**GIVEN INFORMATION:**
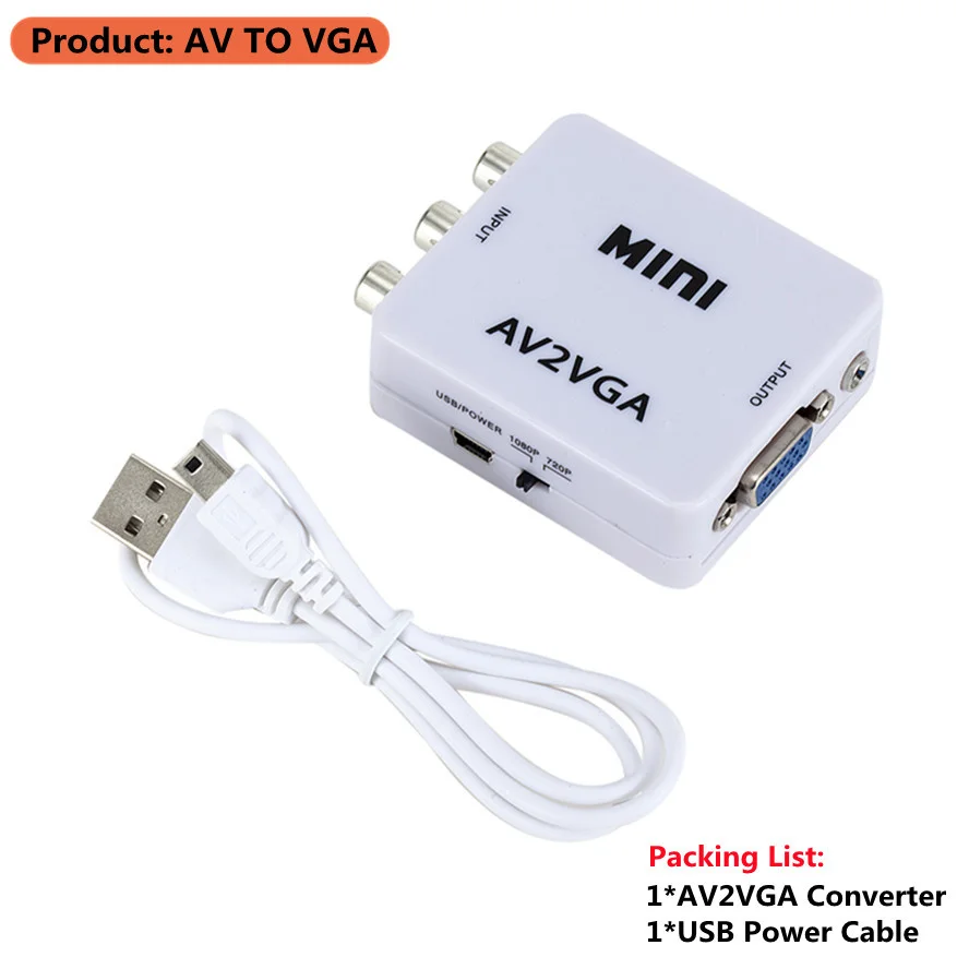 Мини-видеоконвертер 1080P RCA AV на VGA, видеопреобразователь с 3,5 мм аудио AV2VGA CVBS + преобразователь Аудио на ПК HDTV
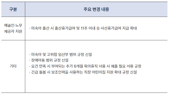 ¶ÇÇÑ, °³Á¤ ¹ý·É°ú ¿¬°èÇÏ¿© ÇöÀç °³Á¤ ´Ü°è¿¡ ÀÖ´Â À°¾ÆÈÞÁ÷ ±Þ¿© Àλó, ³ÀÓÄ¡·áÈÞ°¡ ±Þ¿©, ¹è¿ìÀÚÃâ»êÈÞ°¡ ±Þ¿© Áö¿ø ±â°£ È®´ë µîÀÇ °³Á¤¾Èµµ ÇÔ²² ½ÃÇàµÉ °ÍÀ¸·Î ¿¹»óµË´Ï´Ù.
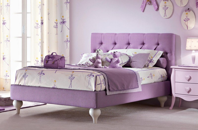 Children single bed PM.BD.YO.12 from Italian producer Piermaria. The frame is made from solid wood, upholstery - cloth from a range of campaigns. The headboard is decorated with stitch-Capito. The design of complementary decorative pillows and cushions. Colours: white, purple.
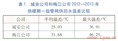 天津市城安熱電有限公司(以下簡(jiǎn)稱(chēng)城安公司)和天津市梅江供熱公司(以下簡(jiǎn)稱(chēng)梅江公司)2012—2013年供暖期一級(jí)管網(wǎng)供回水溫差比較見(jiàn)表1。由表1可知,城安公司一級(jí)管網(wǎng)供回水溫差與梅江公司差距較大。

* * *

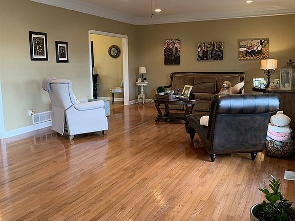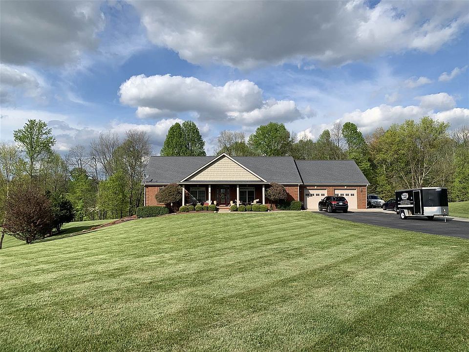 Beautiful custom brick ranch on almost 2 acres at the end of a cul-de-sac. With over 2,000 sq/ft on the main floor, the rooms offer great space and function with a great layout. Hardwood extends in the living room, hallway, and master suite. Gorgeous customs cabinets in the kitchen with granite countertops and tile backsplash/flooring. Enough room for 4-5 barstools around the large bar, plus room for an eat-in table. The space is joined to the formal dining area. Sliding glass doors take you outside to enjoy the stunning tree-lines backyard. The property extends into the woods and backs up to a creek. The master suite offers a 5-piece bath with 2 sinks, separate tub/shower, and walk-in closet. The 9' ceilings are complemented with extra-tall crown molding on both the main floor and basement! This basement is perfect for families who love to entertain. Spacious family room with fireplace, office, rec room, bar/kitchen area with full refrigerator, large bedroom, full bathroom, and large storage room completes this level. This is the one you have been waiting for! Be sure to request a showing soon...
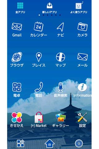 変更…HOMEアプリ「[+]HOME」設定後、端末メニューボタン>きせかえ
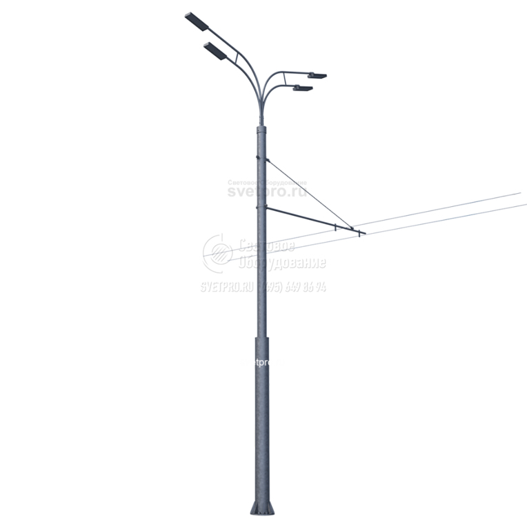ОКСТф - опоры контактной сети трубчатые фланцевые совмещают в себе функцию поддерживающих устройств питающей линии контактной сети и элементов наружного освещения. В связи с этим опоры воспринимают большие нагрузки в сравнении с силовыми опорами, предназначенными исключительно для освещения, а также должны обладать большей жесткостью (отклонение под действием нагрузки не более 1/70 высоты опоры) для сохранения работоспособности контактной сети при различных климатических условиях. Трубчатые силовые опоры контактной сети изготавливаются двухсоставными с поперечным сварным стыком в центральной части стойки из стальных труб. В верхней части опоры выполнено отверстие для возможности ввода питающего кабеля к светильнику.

**WHAT THIS TASK INVOLVES:** Output exactly the lines above that lie between the line with "Мини-видеоконвертер 1080P RCA" and the line with "天津市城安熱電有限公司(以下", those two lines included, and no pictures.

**FINISHED EXERCISE:**
 Мини-видеоконвертер 1080P RCA AV на VGA, видеопреобразователь с 3,5 мм аудио AV2VGA CVBS + преобразователь Аудио на ПК HDTV
 ¶ÇÇÑ, °³Á¤ ¹ý·É°ú ¿¬°èÇÏ¿© ÇöÀç °³Á¤ ´Ü°è¿¡ ÀÖ´Â À°¾ÆÈÞÁ÷ ±Þ¿© Àλó, ³ÀÓÄ¡·áÈÞ°¡ ±Þ¿©, ¹è¿ìÀÚÃâ»êÈÞ°¡ ±Þ¿© Áö¿ø ±â°£ È®´ë µîÀÇ °³Á¤¾Èµµ ÇÔ²² ½ÃÇàµÉ °ÍÀ¸·Î ¿¹»óµË´Ï´Ù.
 Children single bed PM.BD.YO.12 from Italian producer Piermaria. The frame is made from solid wood, upholstery - cloth from a range of campaigns. The headboard is decorated with stitch-Capito. The design of complementary decorative pillows and cushions. Colours: white, purple.
 天津市城安熱電有限公司(以下簡(jiǎn)稱(chēng)城安公司)和天津市梅江供熱公司(以下簡(jiǎn)稱(chēng)梅江公司)2012—2013年供暖期一級(jí)管網(wǎng)供回水溫差比較見(jiàn)表1。由表1可知,城安公司一級(jí)管網(wǎng)供回水溫差與梅江公司差距較大。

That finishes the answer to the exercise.